Data extract:
-=-=-

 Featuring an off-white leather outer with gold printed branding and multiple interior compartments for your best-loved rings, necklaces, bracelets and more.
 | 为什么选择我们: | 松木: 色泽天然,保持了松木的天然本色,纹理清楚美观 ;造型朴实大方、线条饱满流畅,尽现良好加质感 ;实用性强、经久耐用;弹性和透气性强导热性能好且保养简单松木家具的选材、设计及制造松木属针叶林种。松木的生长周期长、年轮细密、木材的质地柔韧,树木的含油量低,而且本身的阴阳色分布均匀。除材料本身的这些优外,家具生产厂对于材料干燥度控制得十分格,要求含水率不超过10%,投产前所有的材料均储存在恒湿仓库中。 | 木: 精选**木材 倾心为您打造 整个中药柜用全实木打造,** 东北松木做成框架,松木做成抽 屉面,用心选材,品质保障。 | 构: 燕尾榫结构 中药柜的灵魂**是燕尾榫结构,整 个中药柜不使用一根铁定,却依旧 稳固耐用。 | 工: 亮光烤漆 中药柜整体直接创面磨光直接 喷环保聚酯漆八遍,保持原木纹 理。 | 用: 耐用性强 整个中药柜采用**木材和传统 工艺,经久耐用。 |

-=-=-

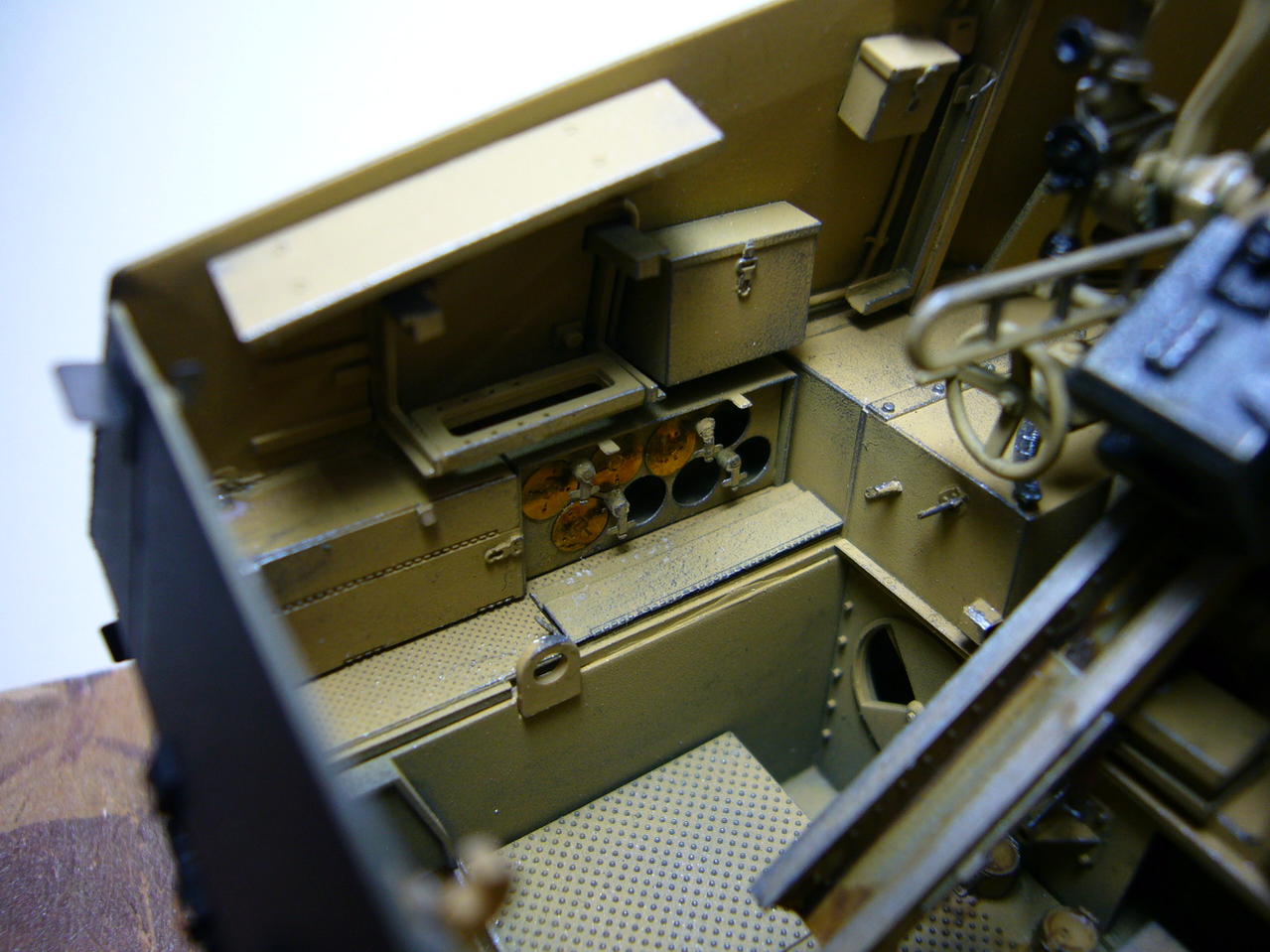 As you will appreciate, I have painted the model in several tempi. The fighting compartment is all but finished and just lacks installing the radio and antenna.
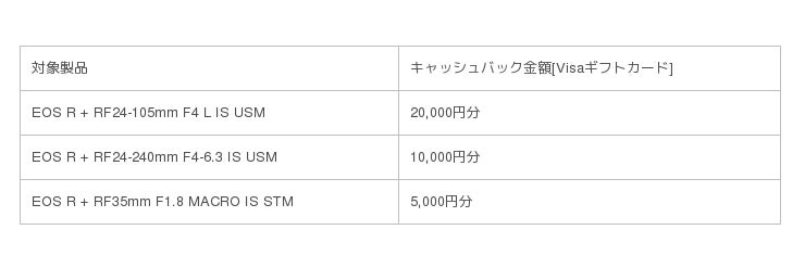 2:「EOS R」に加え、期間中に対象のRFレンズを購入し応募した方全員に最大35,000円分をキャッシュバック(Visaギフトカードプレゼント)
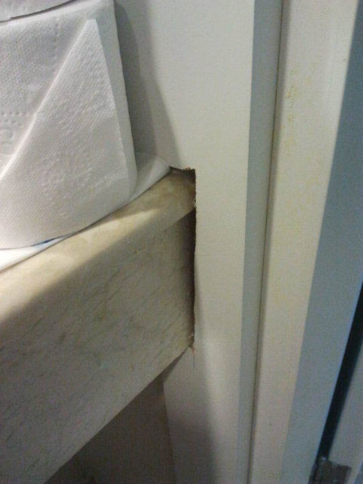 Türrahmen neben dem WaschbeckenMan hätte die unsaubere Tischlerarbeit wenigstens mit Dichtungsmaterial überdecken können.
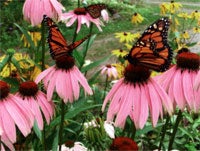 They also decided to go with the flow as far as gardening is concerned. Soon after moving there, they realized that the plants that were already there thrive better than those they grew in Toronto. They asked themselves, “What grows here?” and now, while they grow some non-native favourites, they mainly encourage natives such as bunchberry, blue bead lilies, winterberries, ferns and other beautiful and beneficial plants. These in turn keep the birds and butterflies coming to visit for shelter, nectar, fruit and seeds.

-=-=-

With pictures omitted, repeat the entries above word for word from the line holding "As you will" down to the line holding "Türrahmen neben dem", keeping both of those lines.

Output of the exercise:
 As you will appreciate, I have painted the model in several tempi. The fighting compartment is all but finished and just lacks installing the radio and antenna.
 2:「EOS R」に加え、期間中に対象のRFレンズを購入し応募した方全員に最大35,000円分をキャッシュバック(Visaギフトカードプレゼント)
 Türrahmen neben dem WaschbeckenMan hätte die unsaubere Tischlerarbeit wenigstens mit Dichtungsmaterial überdecken können.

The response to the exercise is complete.